Nearly half of New Jersey’s restaurants could shut their doors in the next six months because of the pandemic, either for good, or temporarily, because of a loss in business during the first wave of the COVID-19 pandemic over the spring, and the second wave this winter, if they do not get monetary help from a federal relief bill.
That’s according to data from the National Restaurant Association in a November survey, and at a Tuesday morning press conference hosted by the New Jersey Restaurant and Hospitality Association.

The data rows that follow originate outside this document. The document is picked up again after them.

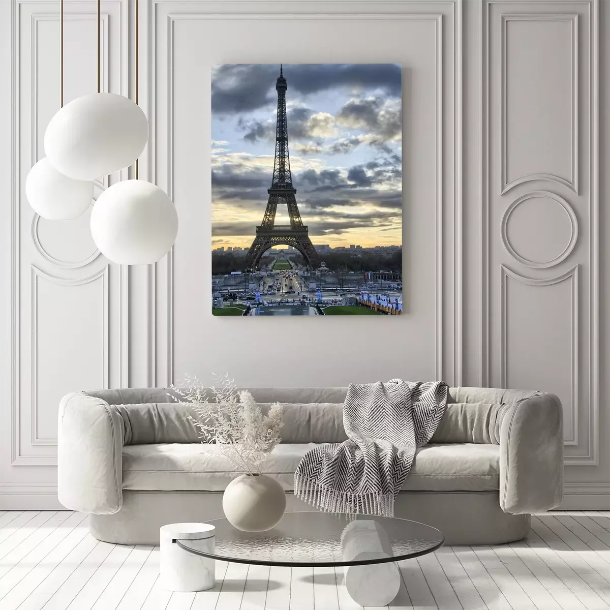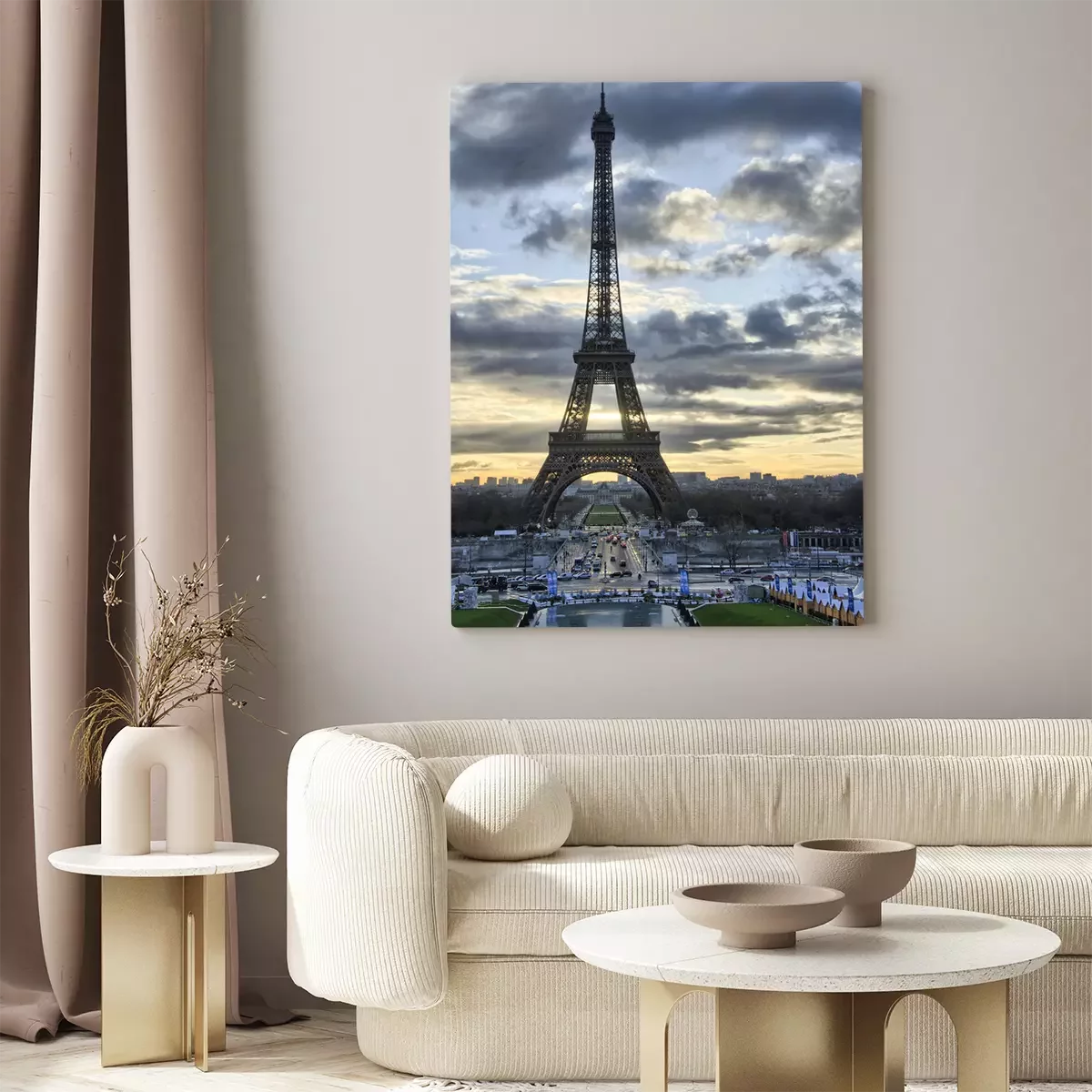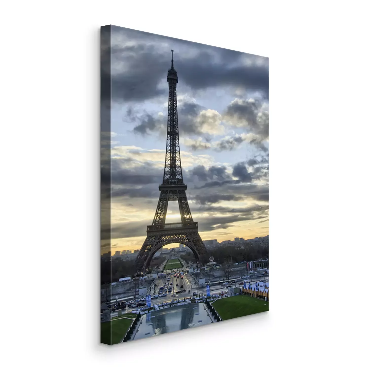 Canvas: La Tour Eiffel - Winter zonsopkomst in Parijs bij de Eiffeltoren, uitzicht f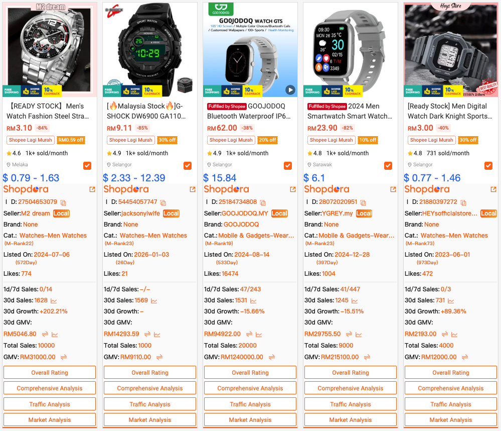 Women’s traditional wear, footwear, watches, and storage-related products continue to generate stable interest, while early demand for Hari Raya–related fashion is beginning to emerge in search trends.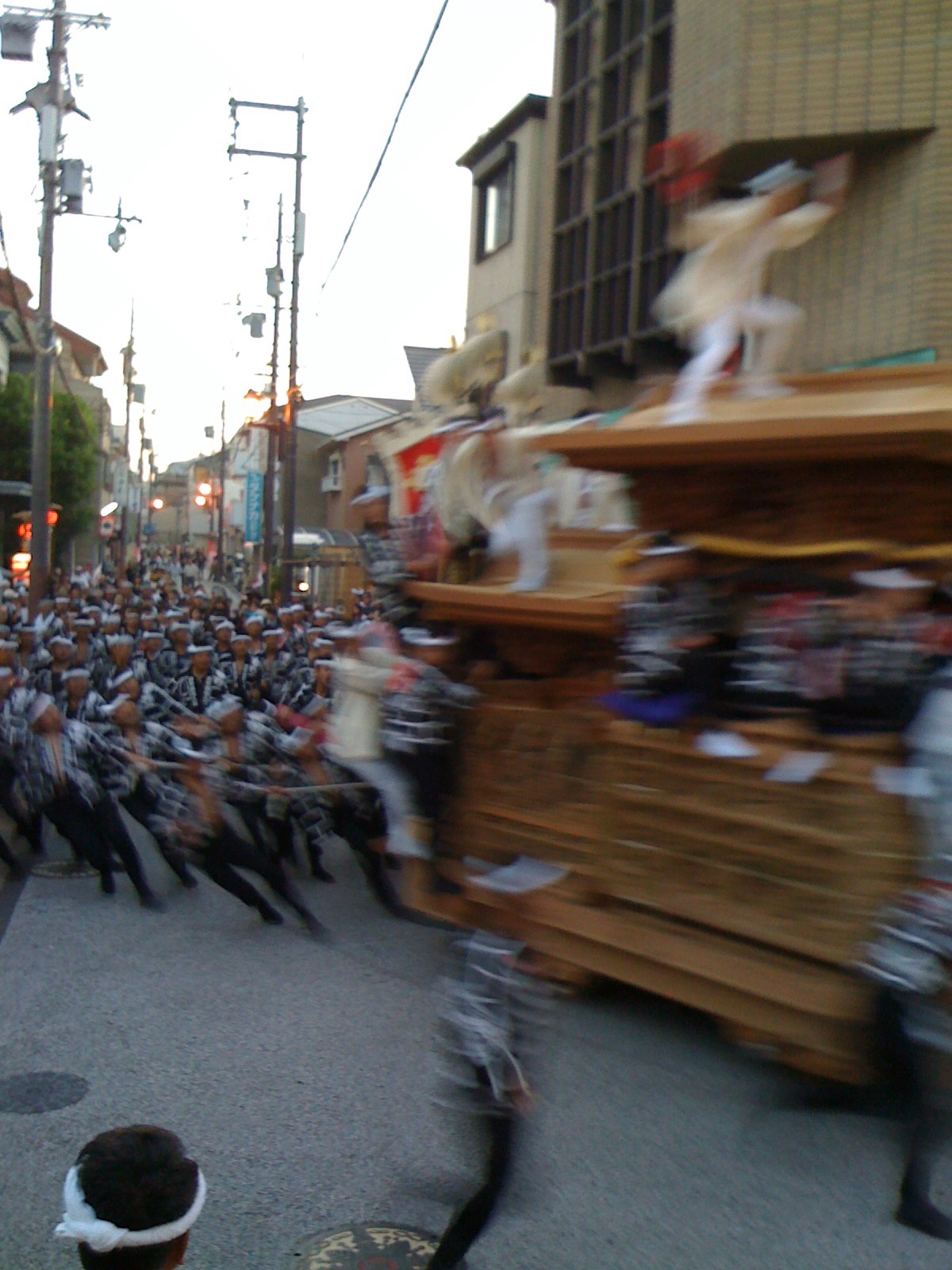 明日からお祭り。明日は、試験曳き。土日はパレードと宮入りがある。岸和田に生まれた地元の人なら帰ってくるだんじり祭り。電車を乗り換えることと疲労を考えて、岸和田行きのバスにのって帰省した。だけど、バスはやっぱり疲れる。3列のゆったりシートだけど眠れない。有効に時間使えるし、片道だけはバスにしよう。

Between eight and 10% of businesses have already closed, either temporarily, or potentially for good, warned Marilou Halvorsen, the NJRHA’s president and chief executive officer, during the virtually-held Tuesday event. Whether some of those businesses reopen is still up in the air.
Thirty-six percent of New Jersey restaurant owners said they would likely close for good within the next six months without federal aid, according to the NRA nationwide survey, which polled 6,000 operators between Nov. 17 and 30.
Halvorson said that the NJHRA did not have data on how those numbers would be changed if businesses ultimately manage to get federal relief.
A $908 billion COVID-19 federal relief package, known as the Coronavirus Aid, Relief and Economic Security Act, will likely pass through Washington within the next week. It will include up to $300 billion in forgivable small business loans, known as the Paycheck Protection Program.
Indoor dining was off-limits between mid-March and Labor Day weekend. It was initially slated to resume on July 4 weekend, but Gov. Phil Murphy pulled the plug on that as cases surged across the nation.
Over the summer, outdoor dining was a popular alternative, with towns and cities closing down main streets to make room for restaurants. But restaurant owners are concerned as to what will happen once colder weather renders those options useless.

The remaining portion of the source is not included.